Clinical outcomes after catheter ablation of atrial arrhythmias guided
by ultra-high density mapping system in heart failure patients
Abstract
Introduction: Catheter ablation of atrial fibrillation (AF)
and/or atrial tachycardia (AT) in heart failure (HF) patients provides
improvement in symptoms cardiac function and survival. However, these
procedures remain challenging with higher recurrence and complication
rates compared to patients with normal cardiac function. We aimed to
compare outcomes of AF/AT ablations guided by an ultra-high density
mapping system between HF patients and controls. Methods and
results: Primary endpoint was the one-year recurrence rate of AF/AT. We
retrospectively examined all Rhythmia™-guided procedures performed in
Caen and Toulouse University Hospitals between 2015 and 2018 for AF/AT.

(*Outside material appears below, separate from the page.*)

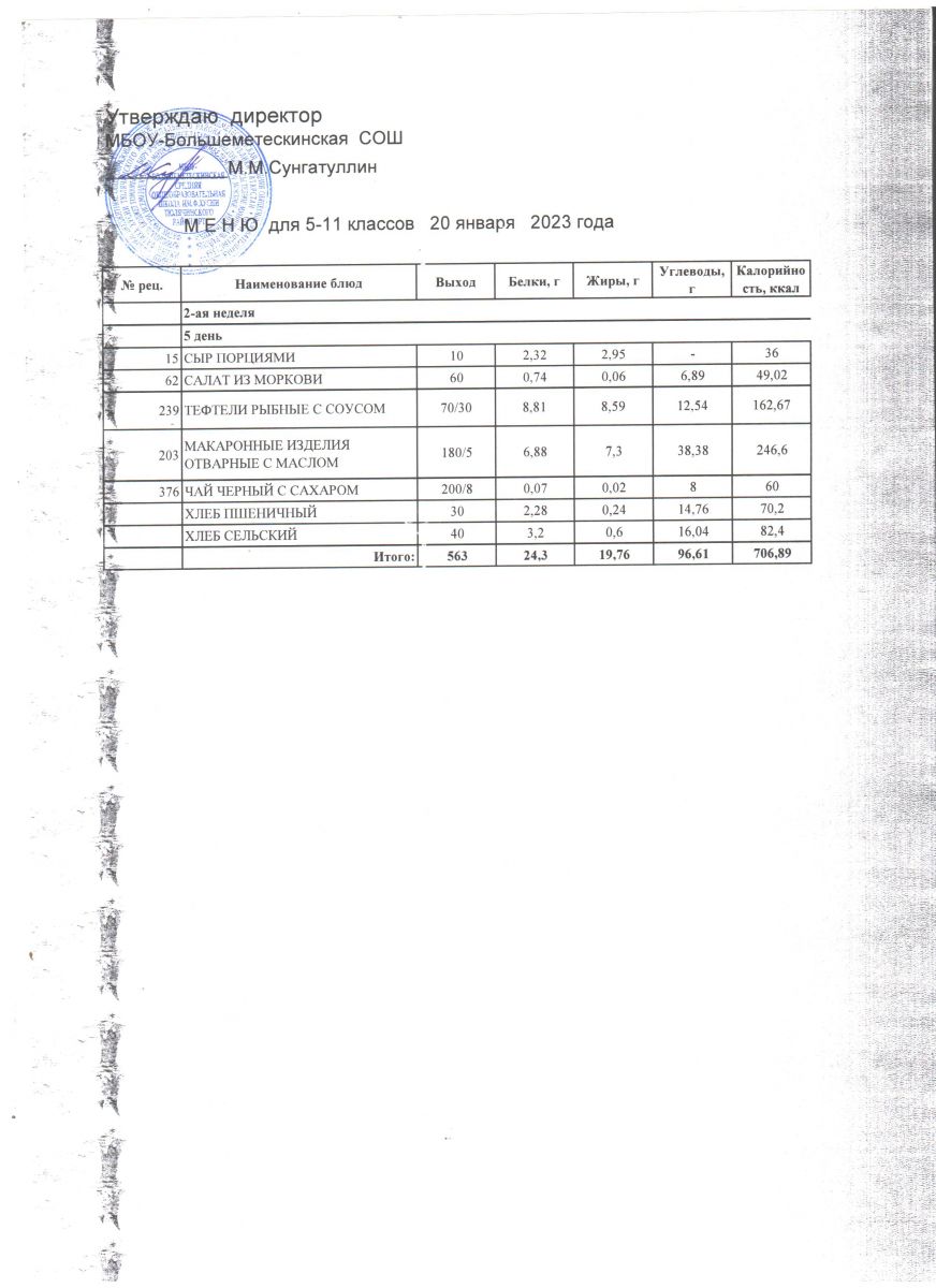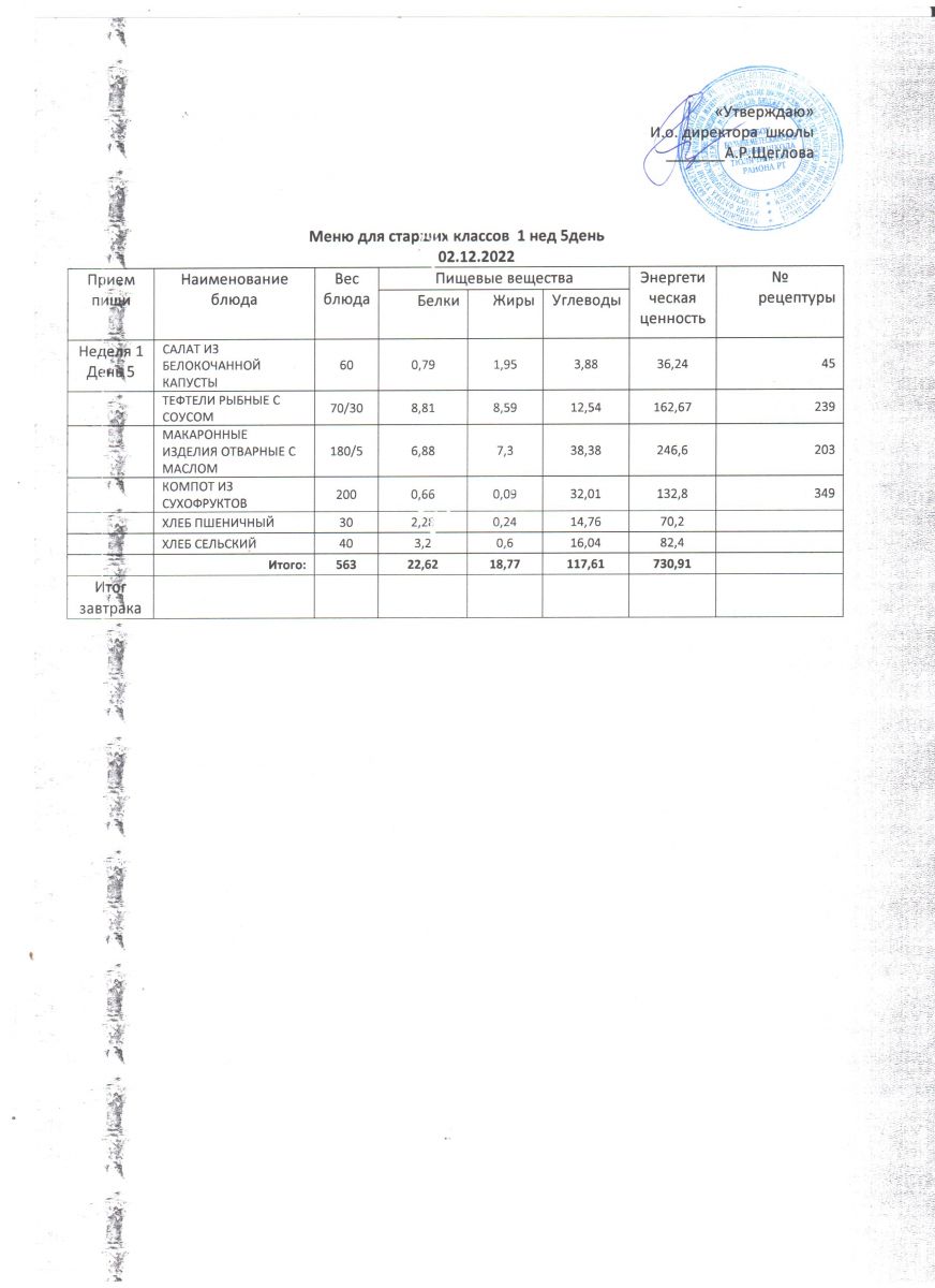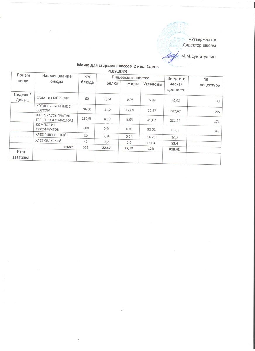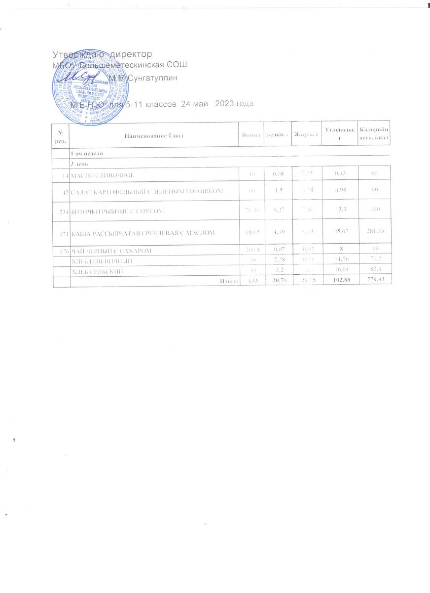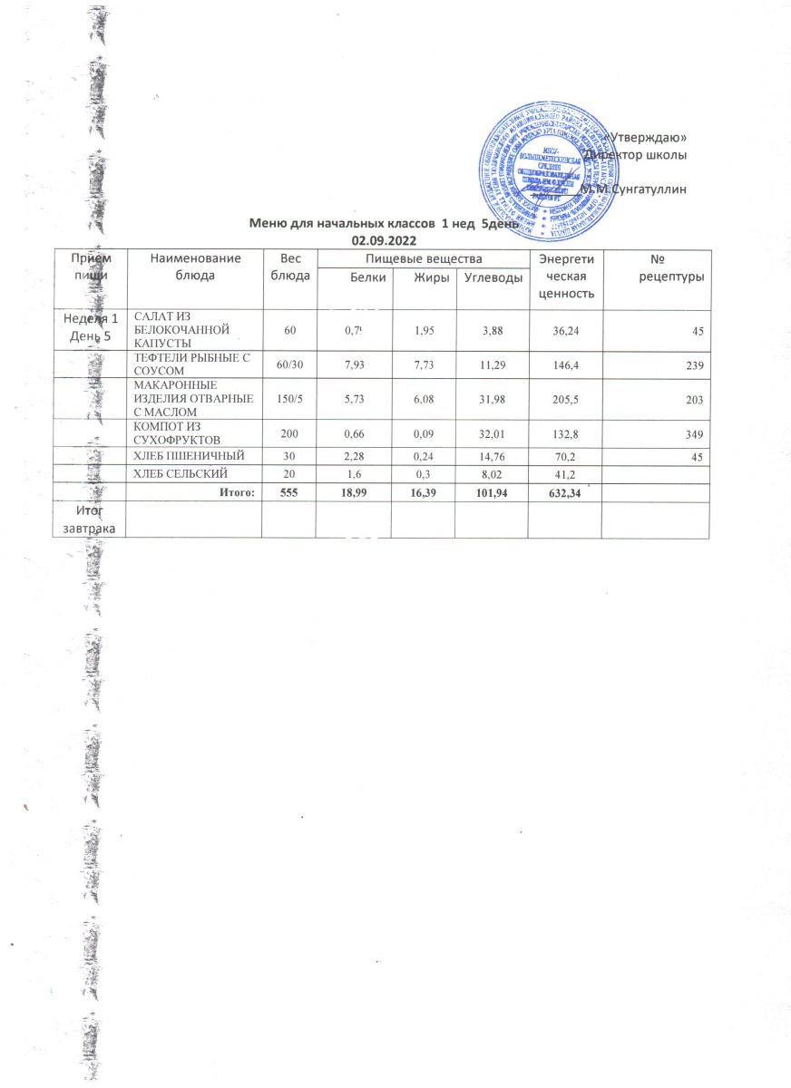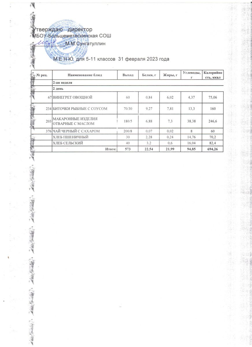 Меню для 5 - 11 классов на 23.05.2022 г.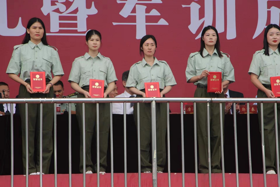 汇报表演结束后,主持人宣读了军训优秀学员、优秀带班学长和优秀辅导员,学校领导为他们颁发了证书。经济与管理学院获奖人员有: 优秀军训学员男生组:34连杨天乐、35连袁兵、36连杨烁、37连吴嘉宇,女生组:七组朱晨娜、六组方茜、五组时佩雯、三组卢梦雪、二组刘鑫怡、一组高文诺,优秀学长:党晓龙、刘华力、袁聪,优秀辅导员:何琬老师、许慧杰老师。希望受表彰的同学再接再厉,其他同学要以获奖同学为榜样,将军训的成果转化为学习生活的不竭动力。继续严格要求自己。

Patients with reduced left ventricular ejection fraction (LVEF) (i.e.
<50%), or with preserved LVEF and signs/symptoms of HF were
constituted the HF group and were subsequently classified in two
subgroups of HF patients with preserved (HFpEF) or reduced/mildly
reduced (HFrEF) LVEF. 246 patients were included, 135 in the HF group.
At one-year, 71 patients had experienced AF/AT recurrences, with no
difference between HF group versus non-HF group (31.9 vs 25.2%
respectively, p=0.262). AF/AT recurrence rates were not different
between HFpEF and HFrEF subgroups (37.1 vs 26.4% respectively,
p=0.196). In multivariate analysis, patients with mitral regurgitation
(p=0.011), hypertrophic cardiomyopathy (p=0.011) and persistent AF
(p=0.02) were at higher risk of recurrence. AF/AT recurrence was not
significantly associated with HF hospitalization (p=0.078) but HF status
was the only independent predictive factor of HF hospitalization
(p=0.002). Patients in the HF group showed significant improvement in
both their NYHA class and LVEF than non-HF patients. After ablation
procedures, while patients with HFrEF and HFpEF showed similar NYHA
class improvement, LVEF only improved in HFrEF patients. The rate of
complications were comparable in both groups. Conclusion:
Clinical outcomes of AF/AT ablations guided by UHD mapping system appear
similar in HF and non-HF patients. During the follow-up period, patients
with HF exhibit improvement of NYHA status and LVEF.